- What you need to do -
What needs transcribing is the line with "В миске соединить" and every line after it to the end of the records, exactly and alone, with no pictures.

*** Opening Dataset excerpts ***

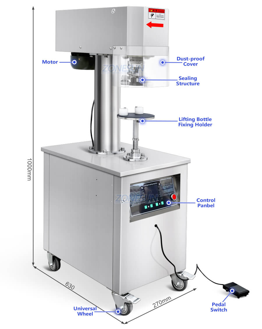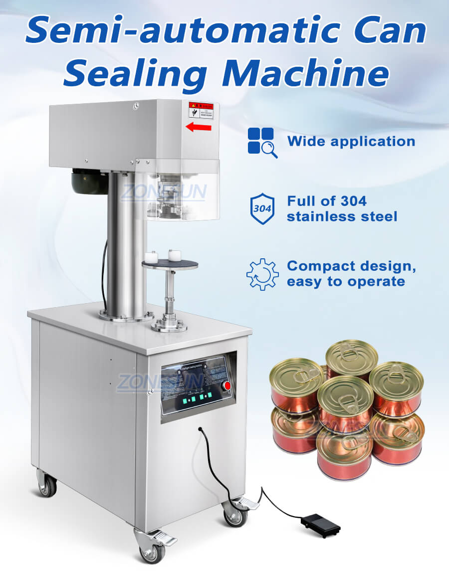 This vertical can sealing machine utilizes rotating rollers to seal cans while keeping the cans stationary during the process, ensuring consistent sealing quality. It accommodates various round can types, including aluminum, plastic, and paper cans. Equipped with a pedal switch, the machine offers effortless and convenient operation. Ideal for packaging applications across the food, beverage, chemical, and related industries.
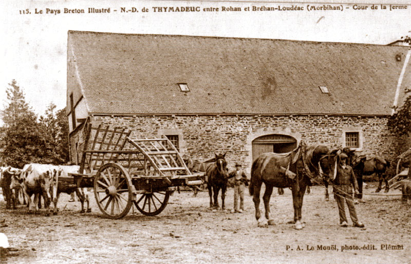 | Histoire / Istor : * Ogée (1780) : Bréhand-Loudéac; dans un fond, entre les rivières d'Oust et de Lié; à 11 lieues 1/4 au sud de Saint-Brieuc, son évêché; à 15 lieues 5/4 de Rennes, et à 3 lieues de Josselin, sa subdélégation. Cette paroisse ressortit à Ploërmel. On y compte 3000 communiants. La cure est à l'alternative. M. le duc de Rohan en est seigneur. Ce territoire, arrosé des rivières d'Oust et du Liés, et coupé d'une infinité de ruisseaux, renferme beaucoup de prairies. Les terres labourables sont fertiles en grains de toute espèce; les landes y sont en grand nombre. L'an 1080, la seigneurie de Bréhand-Loudéac appartenait à Bréhand-Levieux; la maison de Bréhand, comte de Plélo et autres lieux, tire son nom de cette terre. Elle a haute, moyenne et basse-justice. En 1520, le manoir de la Touche et celui de la Ville-Morvan appartenaient à Alain Aguesse, et celui de Marn à Olivier de Barlagat. * Marteville et Varin (1843) : BREHAND-LOUDEAC,
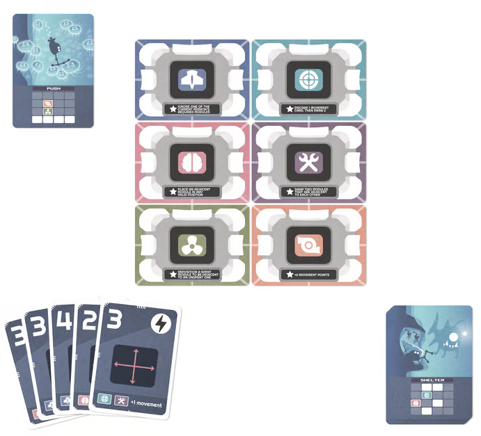 Aqua ROVE is a standalone entry in the ROVE series. In this solo spatial puzzler, the player must complete missions by using their movement cards to align ROVE’s modules in the proper pattern. Each module has a unique one-time ability that can give ROVE a much-needed boost at a key moment. As ROVE travels further, efficient use of movement points and module abilities becomes paramount to achieve success.
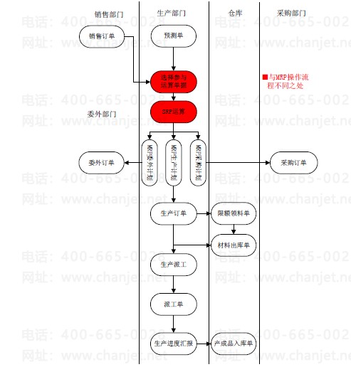 SRP(Sales Requirement Planning)生产是根据选定的销售订单或预测单直接依照物料清单上记录的使用数量推算各物料的毛需求量,再考虑现存量、预约量、在单量等进行净算,自动计算供应(采购、自制及委外)数量和日期,作为请购、采购、生产订单及委外订单计划依据。SRP是一种插单式生产模式。
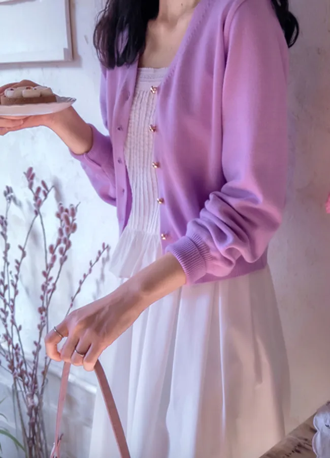 精緻春日色彩無袖針織上衣和開衫的套裝
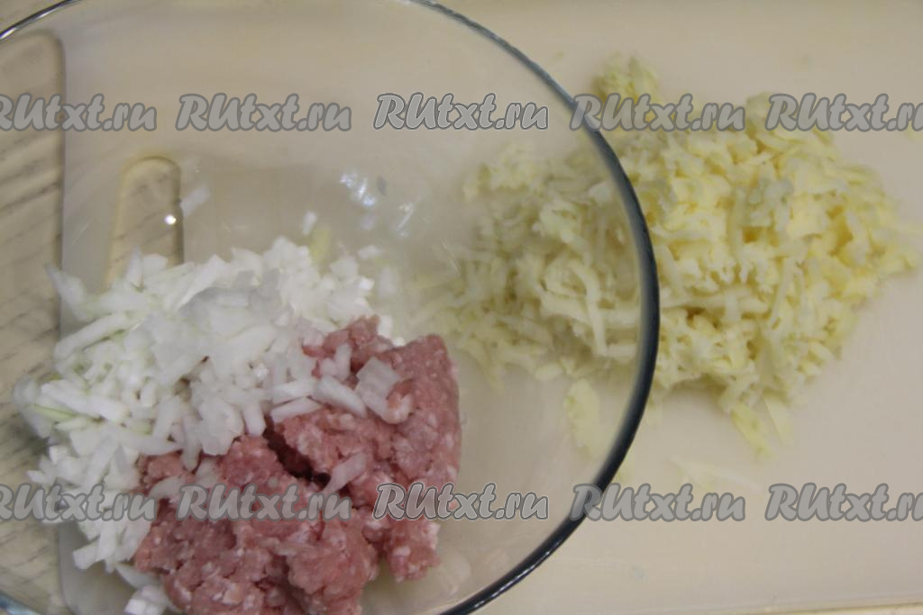 В миске соединить мясной фарш и мелко нарезанный очищенный лук. Остывшую варёную картошку почистить, натереть на крупной тёрке.
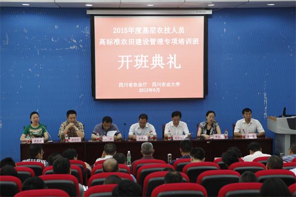 6月24日上午,四川省2015年度基层农技人员高标准农田建设管理专项培训班开班仪式在都江堰校区举行。省农业厅副厅长牟锦毅、省农业厅土壤肥料与资源环境处处长张熙、省农业厅科教处副处长邓爱群、成都市土壤肥料测试中心主任欧阳平,我校副校长陈代文、都江堰校区校长李廷轩、远程与继续教育学院院长黄晓俐与培训班一期160余名学员一同出席了开班仪式。仪式由黄晓俐主持。
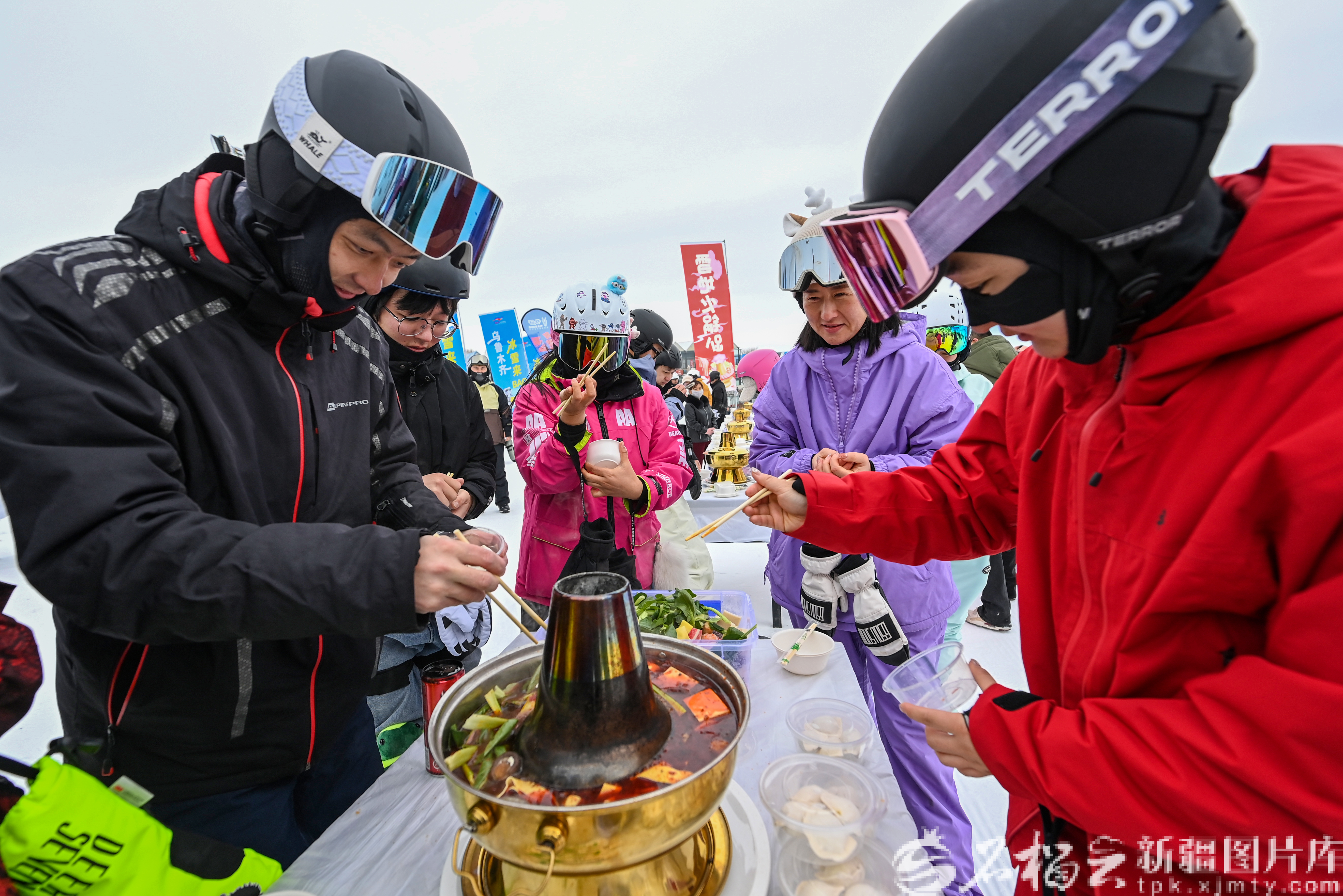 12月21日,在位于乌鲁木齐县的白云国际滑雪场,游客在露天吃火锅。
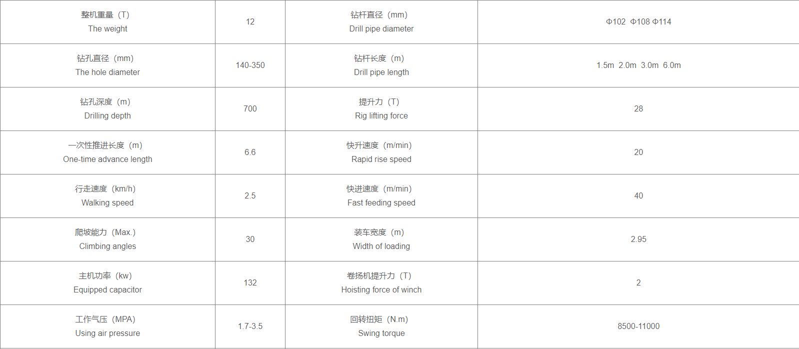 5.钻孔直径大,钻孔深,推进速度快
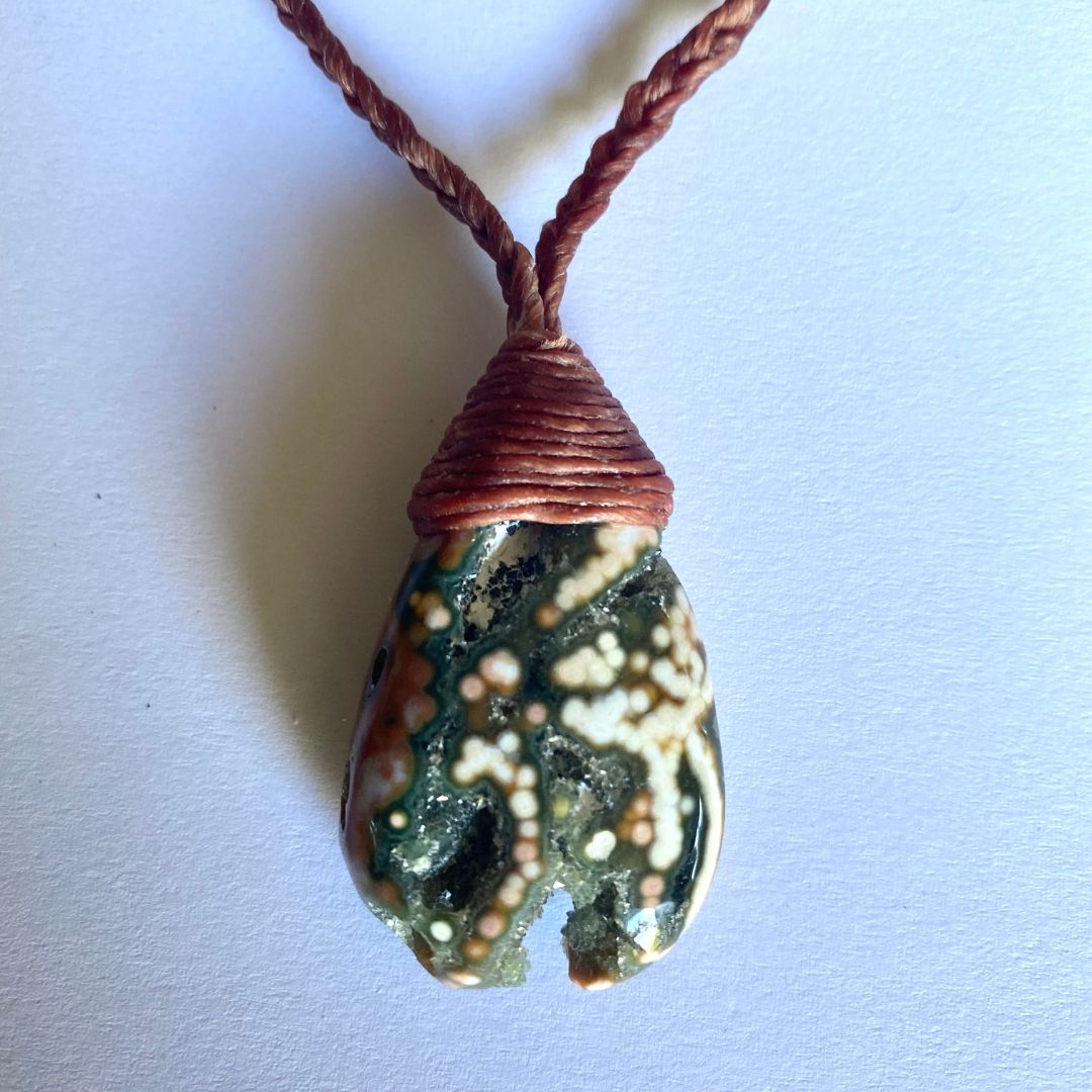 Semi-polished Ocean Jasper (with micro-crystalline druzy crystals) wrapped in terracotta coloured waxed cord, double plait.
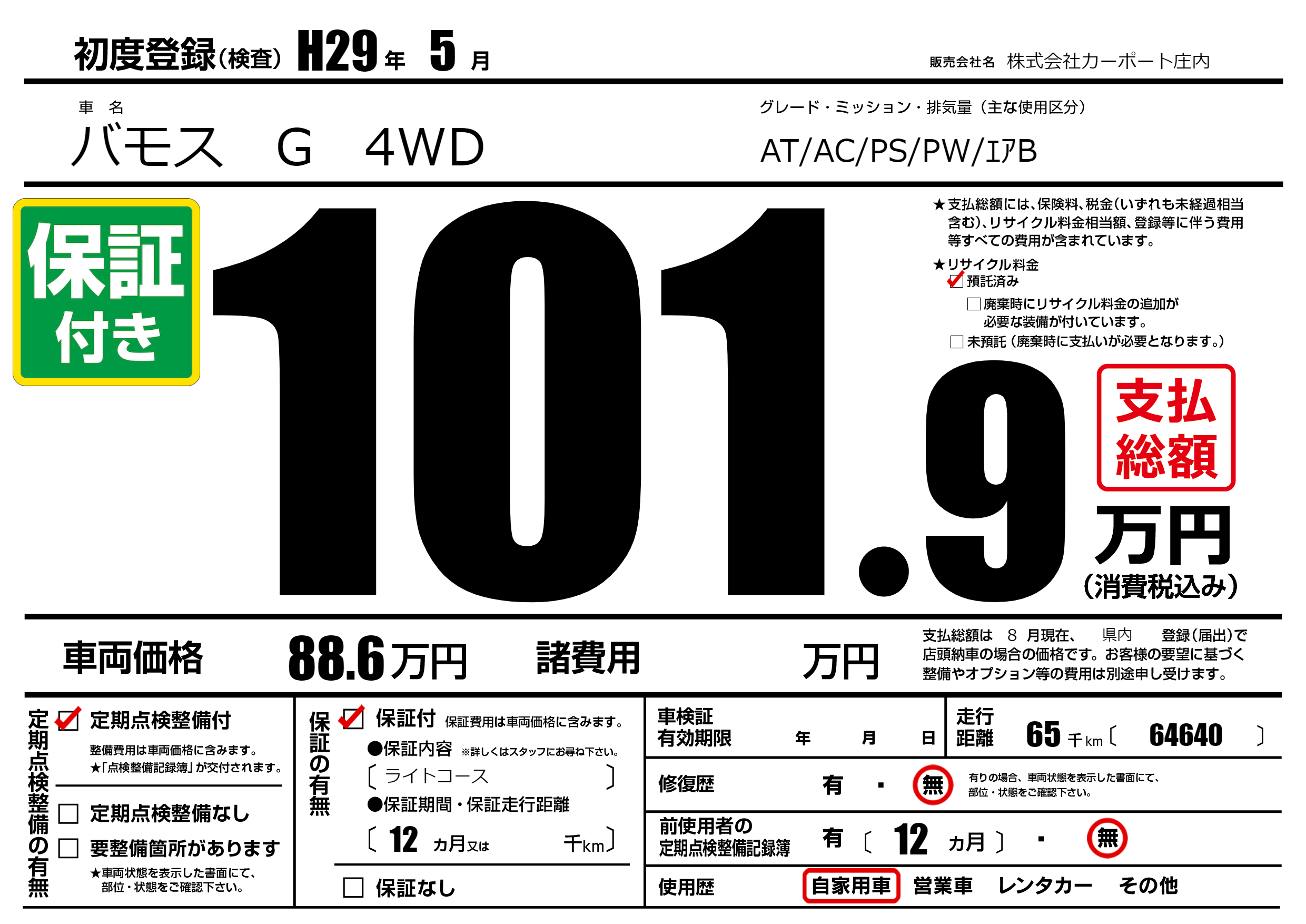 | 車名 | バモス G 4WD | グレード ミッション 排気量 |
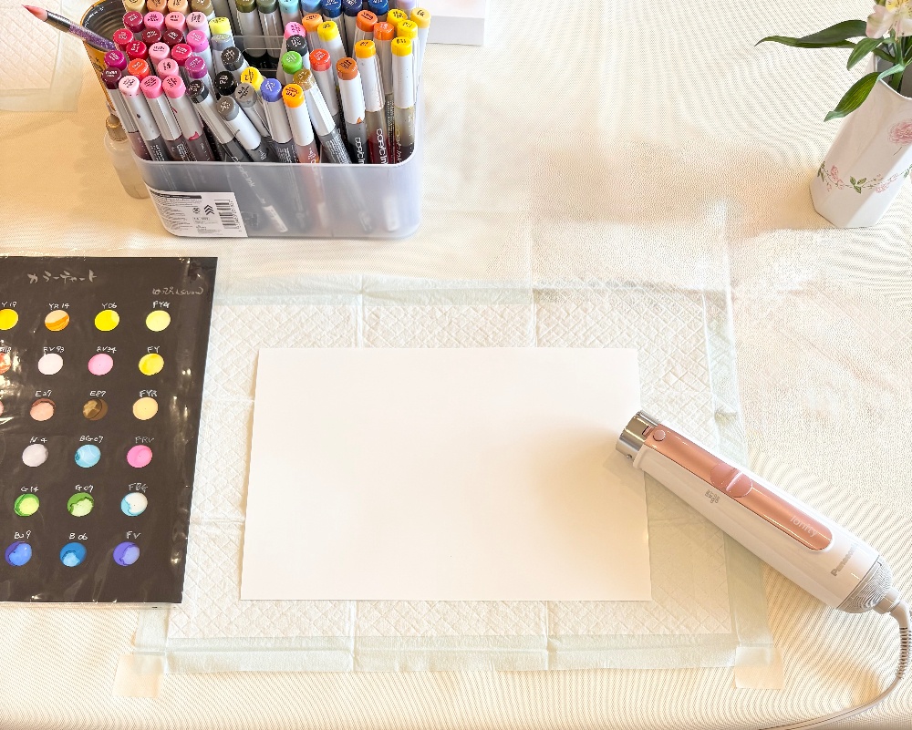 ドライヤーを使ってインクを広げることで基本的なアルコールインクアート体験ができます。
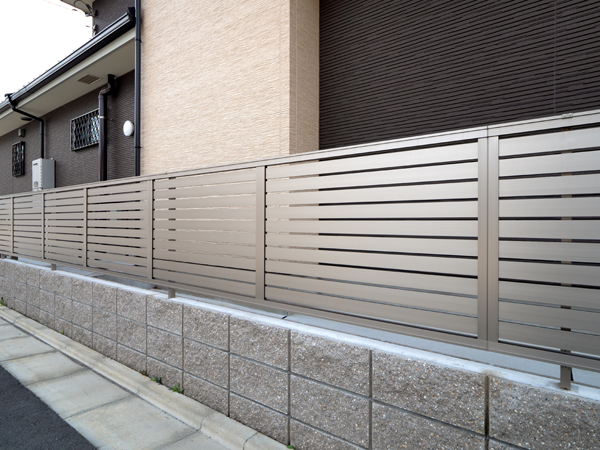 フェンスには目隠しタイプ、採風タイプ、採光タイプなど多くのバリエーションがあります。 人目を遮りながら風通しも確保できる、ルーバータイプの形材フェンスも人気です。

*** Closing Dataset excerpts ***

- Solved exercise -
 В миске соединить мясной фарш и мелко нарезанный очищенный лук. Остывшую варёную картошку почистить, натереть на крупной тёрке.
 6月24日上午,四川省2015年度基层农技人员高标准农田建设管理专项培训班开班仪式在都江堰校区举行。省农业厅副厅长牟锦毅、省农业厅土壤肥料与资源环境处处长张熙、省农业厅科教处副处长邓爱群、成都市土壤肥料测试中心主任欧阳平,我校副校长陈代文、都江堰校区校长李廷轩、远程与继续教育学院院长黄晓俐与培训班一期160余名学员一同出席了开班仪式。仪式由黄晓俐主持。
 12月21日,在位于乌鲁木齐县的白云国际滑雪场,游客在露天吃火锅。
 5.钻孔直径大,钻孔深,推进速度快
 Semi-polished Ocean Jasper (with micro-crystalline druzy crystals) wrapped in terracotta coloured waxed cord, double plait.
 | 車名 | バモス G 4WD | グレード ミッション 排気量 |
 ドライヤーを使ってインクを広げることで基本的なアルコールインクアート体験ができます。
 フェンスには目隠しタイプ、採風タイプ、採光タイプなど多くのバリエーションがあります。 人目を遮りながら風通しも確保できる、ルーバータイプの形材フェンスも人気です。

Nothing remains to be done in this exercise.